Women’s Rights Movement: How many more lives will gender-based violence claim?

Women’s Rights Movement: How many more lives will gender-based violence claim?

By Navitalai Naivalurua
Thursday 02/11/2023
[Image: File]

The Fiji Women’s Rights Movement is asking our society today, how many more women must be murdered by their partners and spouses before we put an end to gender-based violence.

In a statement, FWRM Executive Director Nalini Singh says violence against women and girls is always a choice, and people choose to be violent towards women and girls because of patriarchy, which is all about unequal gender relations.

She says this inequality exists because of how we, as a society value or devalue women and girls.

Singh says they are also calling out the mainstream media in Fiji for its inability to call out murder when it happens, especially when it is a domestic violence-related murder.

She also said that it is not a serious assault or arising from a “heated argument”, it is murder.

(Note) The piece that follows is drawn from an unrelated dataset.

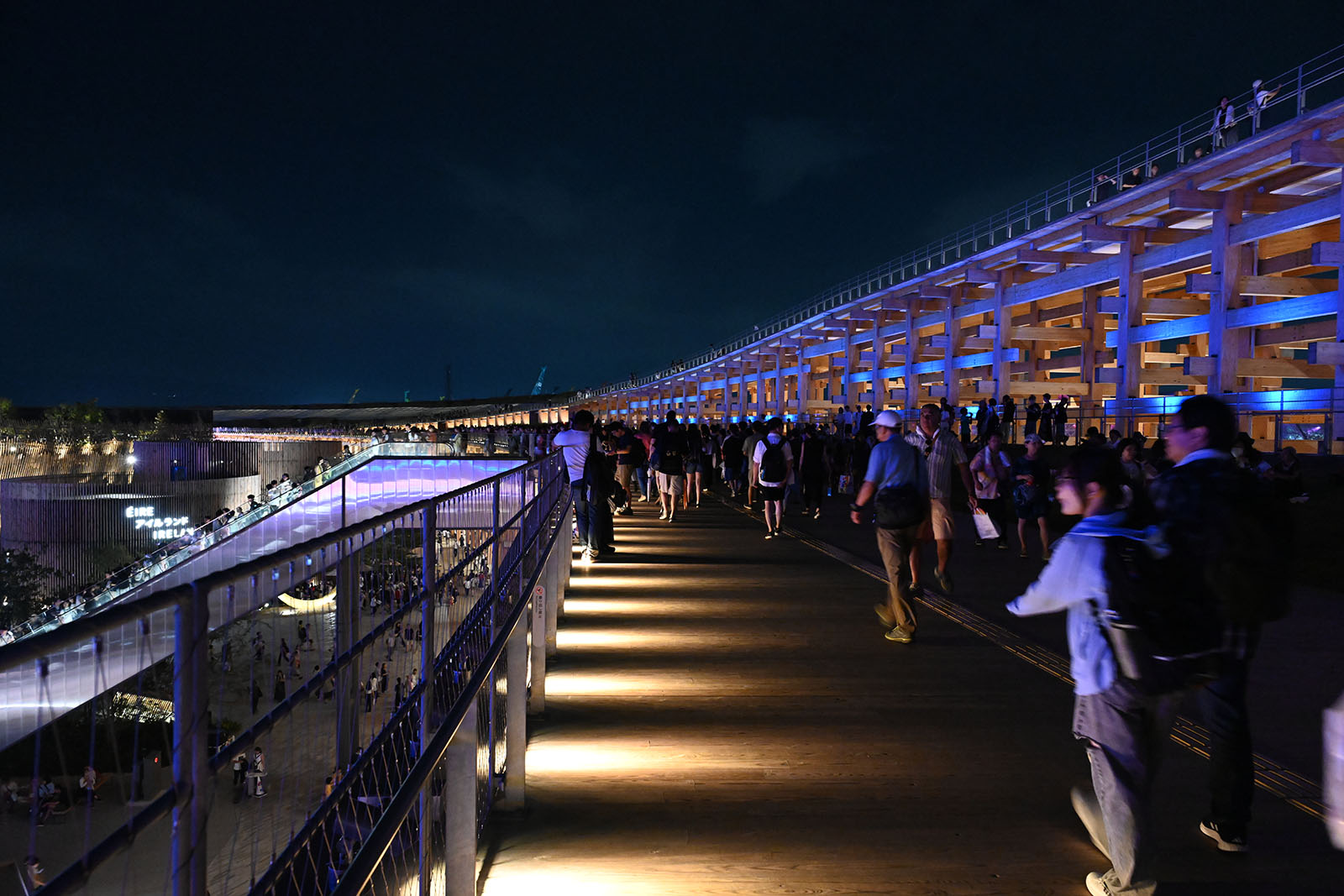 16:00から入場できる夜間券を利用。リングに上ったり、行列の少ない単独パビリオンに入ったりして、会場の雰囲気をつかむ。夜のショー鑑賞にもトライ。ドローンショーも見ておく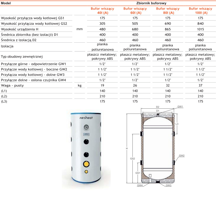 NEOHEAT ZBIORNIK BUFOROWY WISZĄCY OCIEPLONY 100 L (TYP A) PCA00158

She adds there is no other word for when someone is killed in the safety of their own home and in the presence of children who were also witnessing these horrific levels of violence.

The Executive Director says instead of highlighting the wrongful actions of the perpetrator, the media has been fixated on inadvertently victim-blaming by reporting reasons as to why the victim was killed.

She says this kind of reporting deviates from the real issue at hand which is Fiji’s very high levels of domestic violence being experienced by women.

Singh says the murder of women by their spouses/partners is never justified and it must stop now.

She says the death of Kelera Sivo and countless others must not go in vain, and every time a woman is killed at the hands of their loved one, the entire country (including the media) should stand up and fight against domestic violence.

She adds choosing to remain silent or minimising the trauma should not be an option.

She says women face so many barriers when accessing justice, including the cost of going to the police or courts, overcoming the stigma associated with trying to seek justice with the violence that they face every day, and discrimination when they attempt to access services.

Singh says the media in its current style of reporting does not help the situation at all.

The Executive Director says given that Fiji has just launched the National Plan for the Prevention of Violence Against All Women and Girls (NAPVAWG), being only the second country in the world to do so, now more than ever there is an urgent need to work across all of government and across all of society to challenge attitudes and perceptions of why gender-based violence occurs in these horrific ways.

She further says Fiji is also heading into the festive season, which we know has the propensity to escalate violence in the home and relationships.

The Fiji Women’s Rights Movement is calling on the State, media and all of society to demand a safe Fiji for all women and girls, free from violence from our loved ones.